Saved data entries
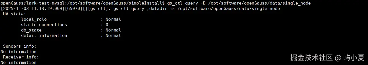gs_ctl query -D /opt/software/openGauss/data/single_node
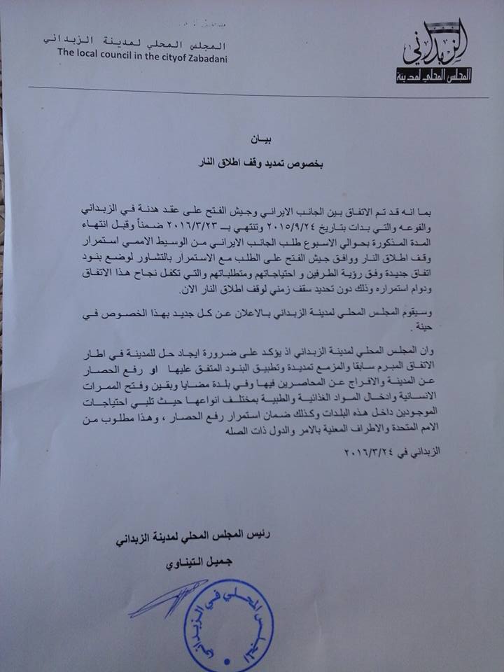 بيان من المجلس المحلي لمدينة الزبداني بخصوص تمديد وقف إطلاق النار
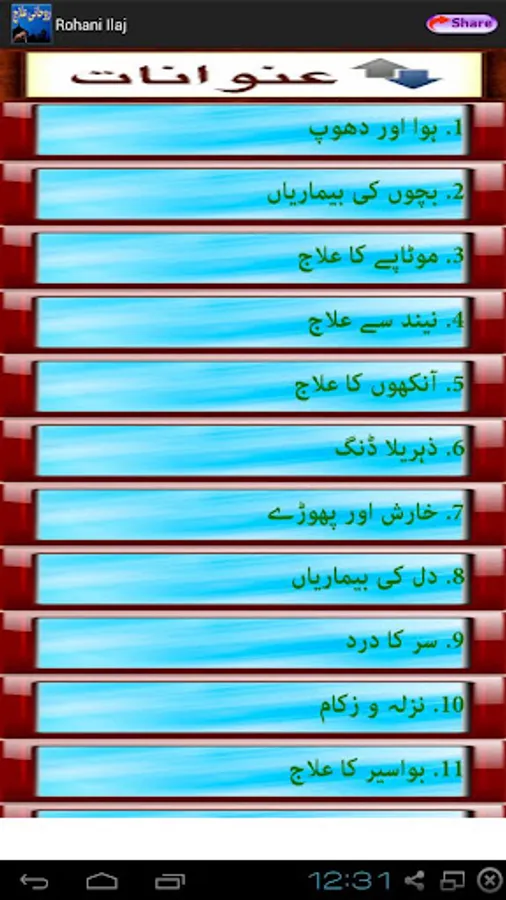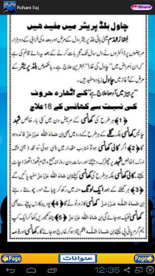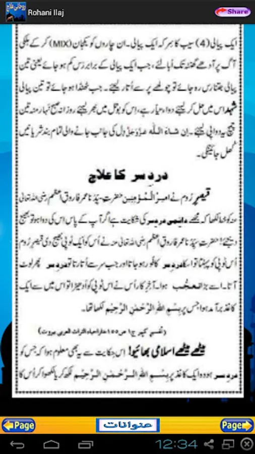 Rohani Ilaj aur Dua (Cure with prayer Spiritually) is a useful app to find the easy way to get cure of common diseases, there are the medical prescription, spiritual advices and other possible cure of different diseases are mentioned in it. Most Importantly this app has a package of Dua (Prayer) package which can be recited on the corresponding occasion..
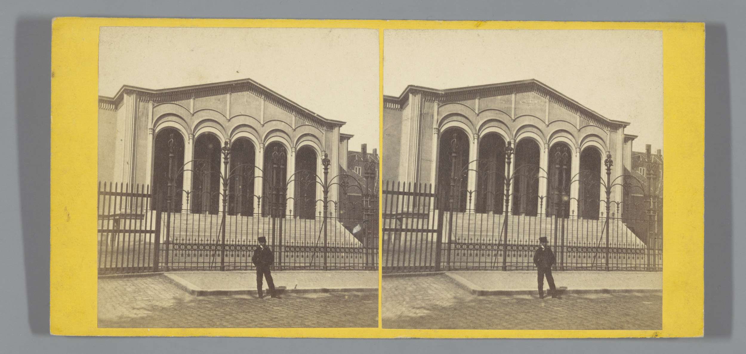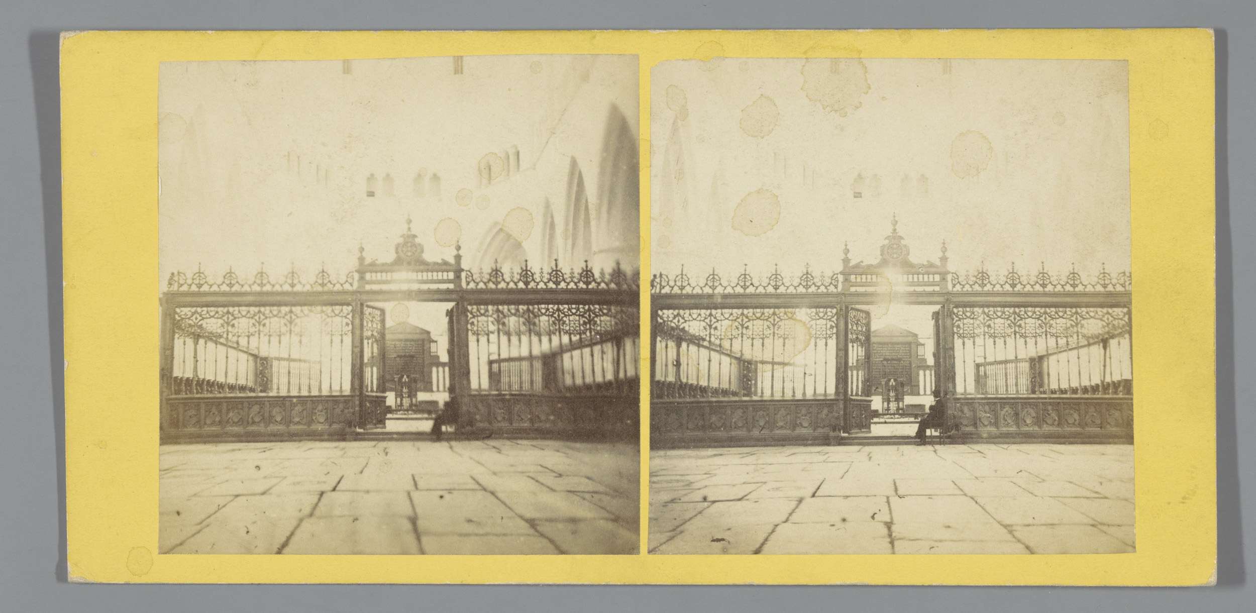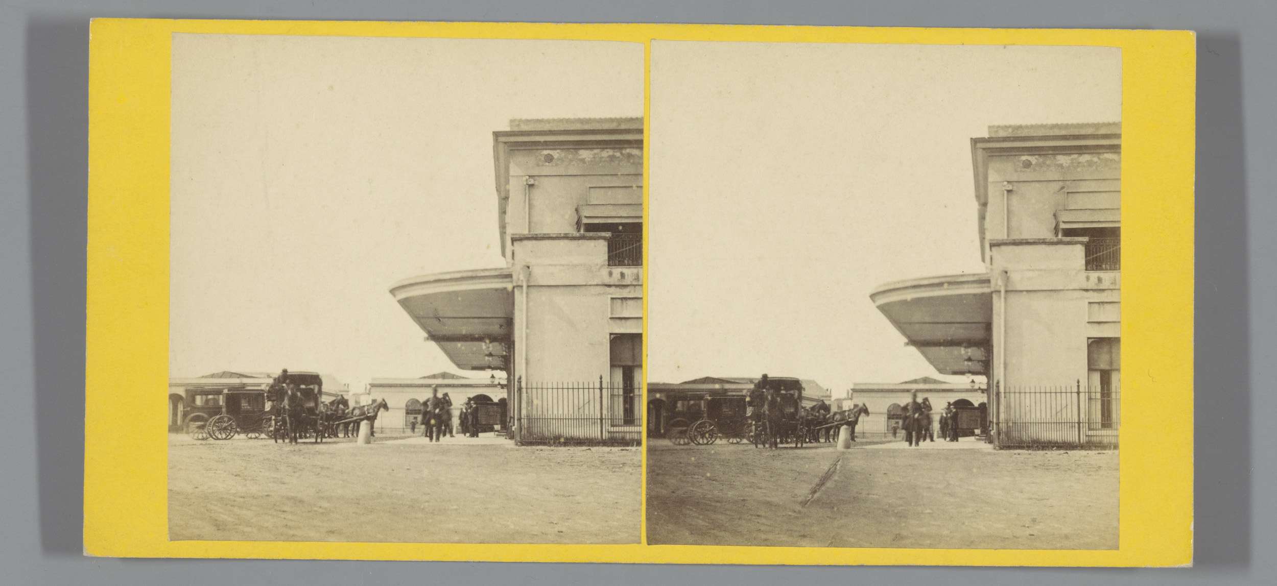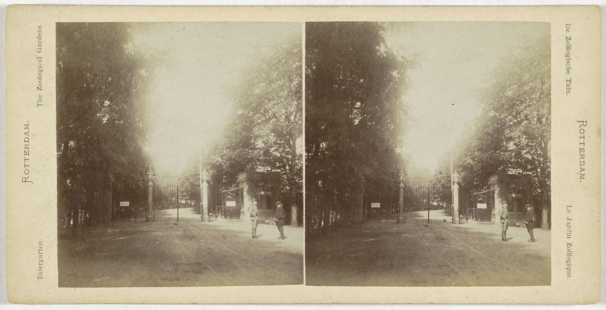 Gezicht op het toegangshek van de Zoölogische Tuin o...
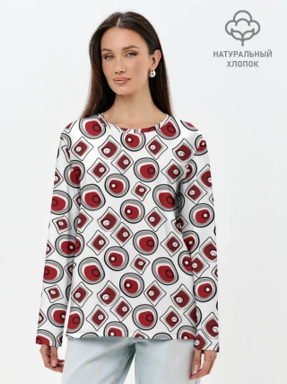 Лонгслив женский. Хлопок / Красно черный узор на белом
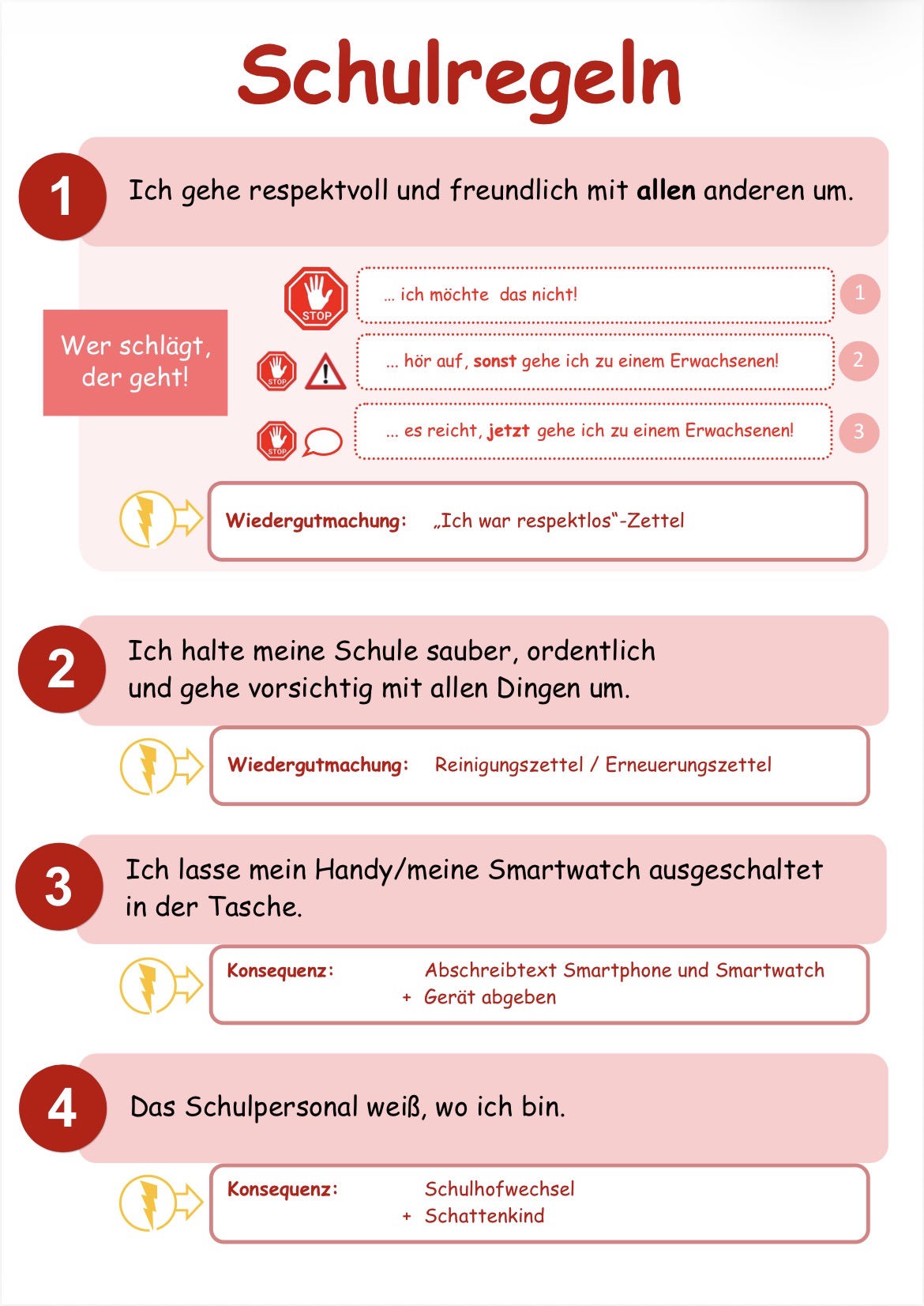Unser Schulleben kann nur gut funktionieren, wenn wir uns alle an diese Regeln halten.

» **DIRECTIONS FOR THIS TASK**
Every entry above should be restated word for word, with the images left out.

» **SOLUTION**
gs_ctl query -D /opt/software/openGauss/data/single_node
 بيان من المجلس المحلي لمدينة الزبداني بخصوص تمديد وقف إطلاق النار
 Rohani Ilaj aur Dua (Cure with prayer Spiritually) is a useful app to find the easy way to get cure of common diseases, there are the medical prescription, spiritual advices and other possible cure of different diseases are mentioned in it. Most Importantly this app has a package of Dua (Prayer) package which can be recited on the corresponding occasion..
 Gezicht op het toegangshek van de Zoölogische Tuin o...
 Лонгслив женский. Хлопок / Красно черный узор на белом
Unser Schulleben kann nur gut funktionieren, wenn wir uns alle an diese Regeln halten.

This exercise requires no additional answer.